There’s an old trope about “…now they have two problems.” (No, not those two.) But what about when the problems don’t stop at just two? If you’ve been around a while you’ve probably seen this kind of thing - one problem leading to another, which leads to another…
Suppose you’ve got a misbehaving service. In an attempt to get more information about what’s going on you turn on debug logging. Welp…
Okay, so now your log file has ballooned and filled up the filesystem. No big deal, just remove/truncate it, right? Oops, that didn’t work, it’s owned by the app user.
Enter: sudo!
Hmmm…but that didn’t work, either. It looks like Midgard is complaining that it can’t create the socket file it needs for sudo forwarding.

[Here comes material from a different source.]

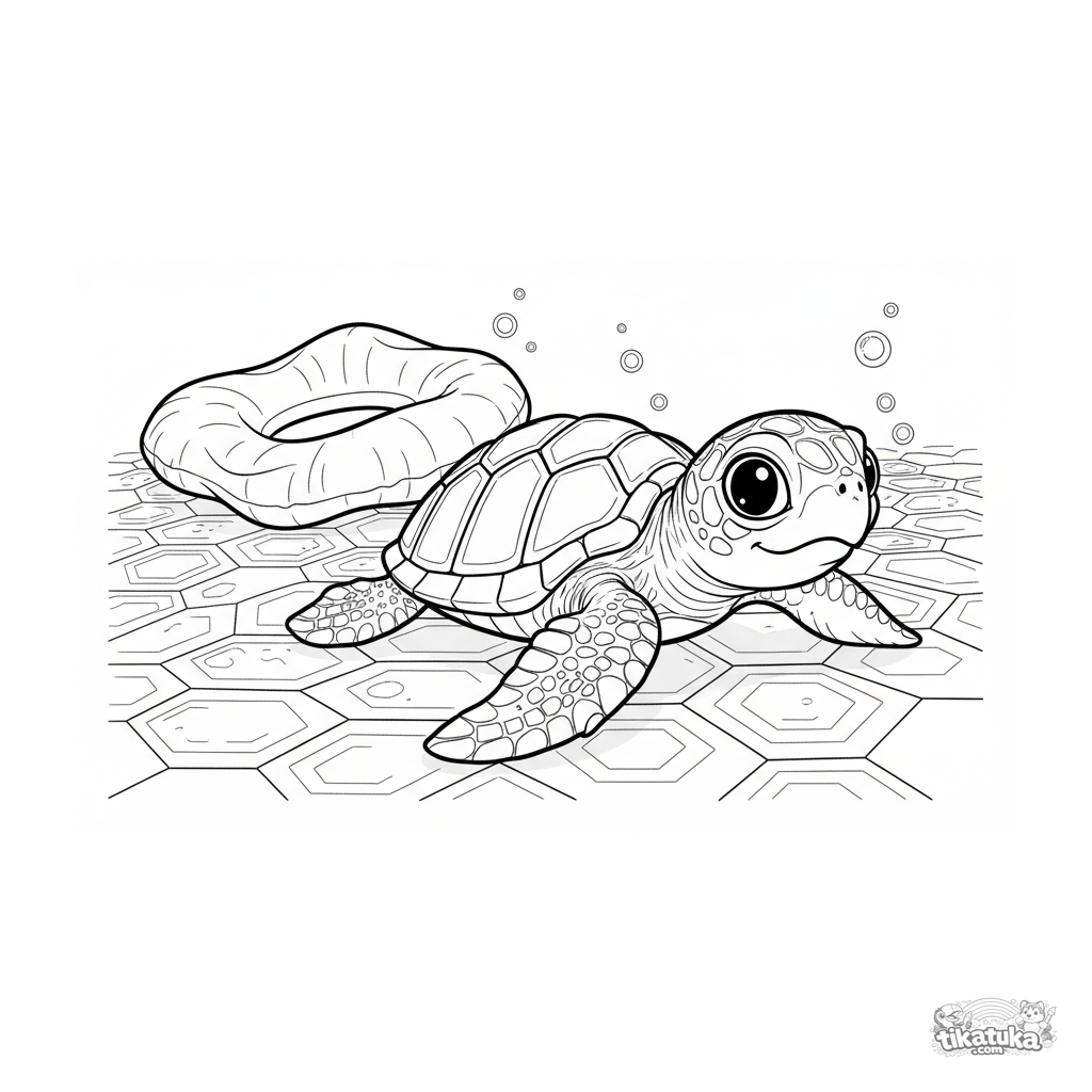 Раскраска для детей 7-9 лет: детеныш черепахи исследует узорчатую плитку на дне бассейна рядом со сдутым кругом. Умеренная детализация, образовательная тема исследования.

$ df -h Filesystem Size Used Avail Use% Mounted on devtmpfs 32G 0 32G 0% /dev tmpfs 32G 6.1M 32G 1% /dev/shm tmpfs 32G 3.2G 29G 11% /run tmpfs 32G 0 32G 0% /sys/fs/cgroup /dev/sda2 30G 30G 20K 100% / /dev/sda1 497M 122M 376M 25% /boot /dev/sdc1 512G 512G 9.3M 100% /export /dev/sdb1 126G 61M 120G 1% /mnt/resource
Oh, the root filesystem is full, too? That’s weird - the app shouldn’t be writing anywhere in the root filesystem. Ah…but users do. For instance, when they open a gigundus log file in vim, which can’t hold the entire thing in RAM so it writes out to a temporary swap file.
No big deal - just close vim, it’ll clean up the swap file, then reconnect to allow Midgard to set up its sudo socket, and then delete that log file and restart the service (which isn’t doing so well at the moment, on account of the full filesystems).

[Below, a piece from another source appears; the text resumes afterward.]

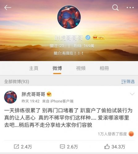 易烊千玺的助理8日晚间在微博发文,斥责私生饭太过分:“一天排练很累了,别在门口堵着了,趴窗户偷拍试装行为真的让人恶心,真的不稀罕你们这种……”他更警告粉丝不要再继续干扰,“爱滚哪滚哪里去吧…稍后再不走分享给大家你们容貌!”

Except now vim is hung on account of trying to swap a titanic log file in and out to disk (which is full). Okay, so just kill vim…and then poke around in $HOME…and then take a peek in /tmp…and then Google “Where does vim write its swap file?”
Woops, there go the alerts! Man I guess this service really isn’t happy now…
Isn’t this fun?
Aren’t computers awesome?!